= TASK BRIEF =
Would you reproduce the data below exactly, please, leaving out its images?

= RECORDED DATA =

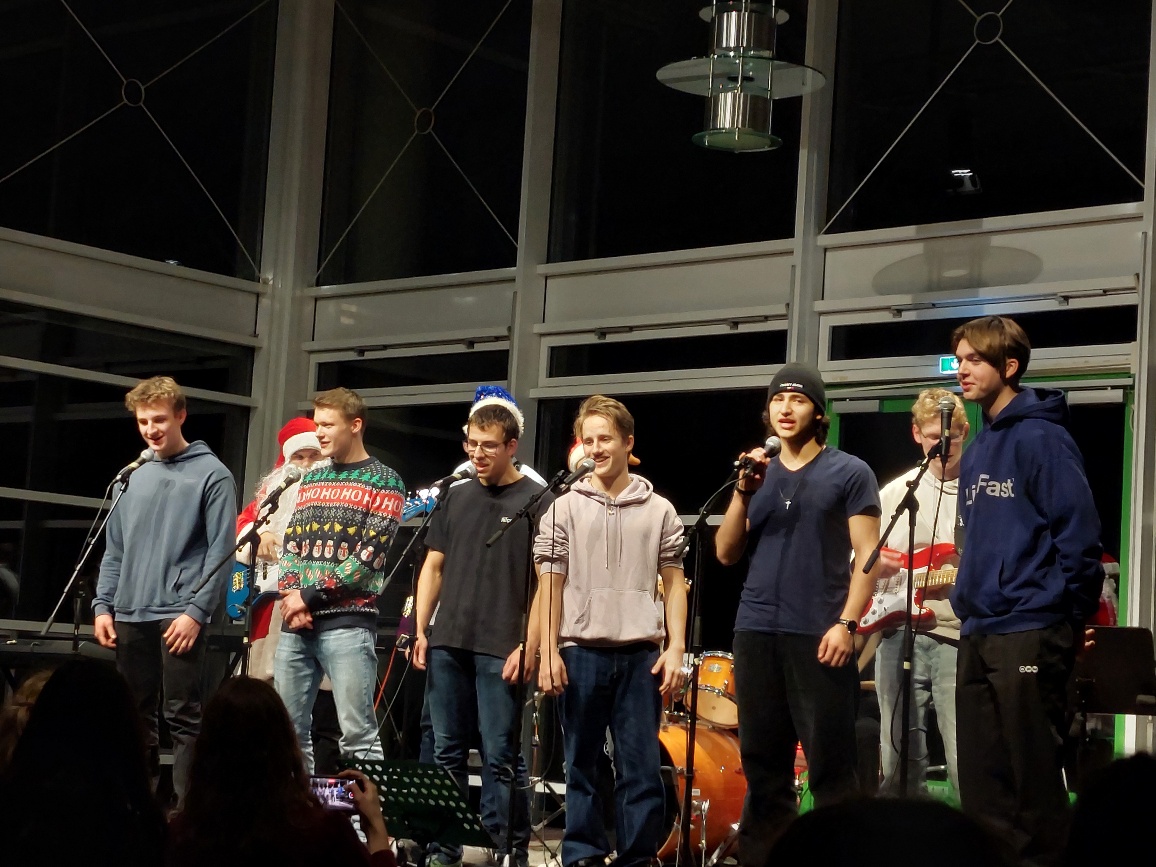 Den Abschluss des Abends bildete der Musik-Kurs des 12. Jahrgangs - inklusive einem echten Weihnachtsmann! Mit dem Klassiker "Feliz Navidad" sorgten sie bei allen Anwesenden für einen Ohrwurm...über mehrere Tage!
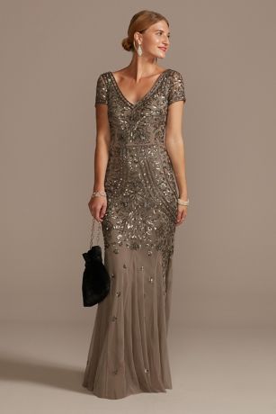 Covered with intricate beadwork, this V-neck dress has a romantic feel with a trail of beaded flowers and flowy skirt godets.
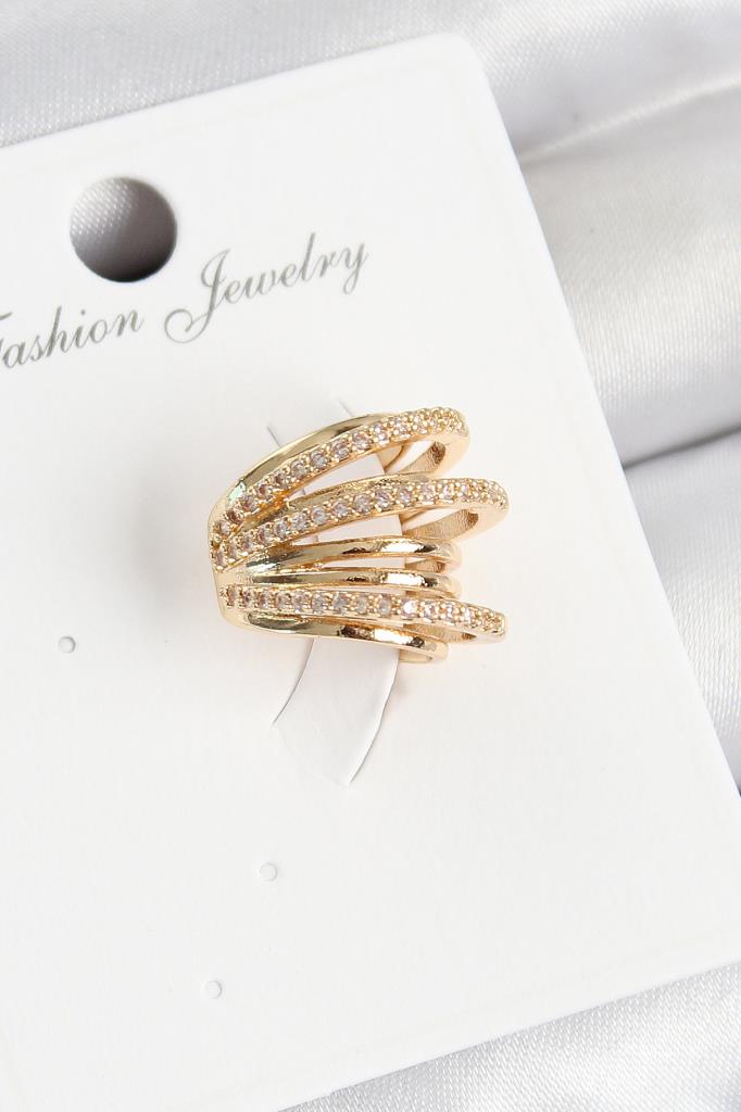 Pirinç Zirkon Taşlı Yay Model Gold Renk Sağ Kıkırdak Küpe - BKP11004

= SOLUTION TO THIS PROBLEM =
 Den Abschluss des Abends bildete der Musik-Kurs des 12. Jahrgangs - inklusive einem echten Weihnachtsmann! Mit dem Klassiker "Feliz Navidad" sorgten sie bei allen Anwesenden für einen Ohrwurm...über mehrere Tage!
 Covered with intricate beadwork, this V-neck dress has a romantic feel with a trail of beaded flowers and flowy skirt godets.
 Pirinç Zirkon Taşlı Yay Model Gold Renk Sağ Kıkırdak Küpe - BKP11004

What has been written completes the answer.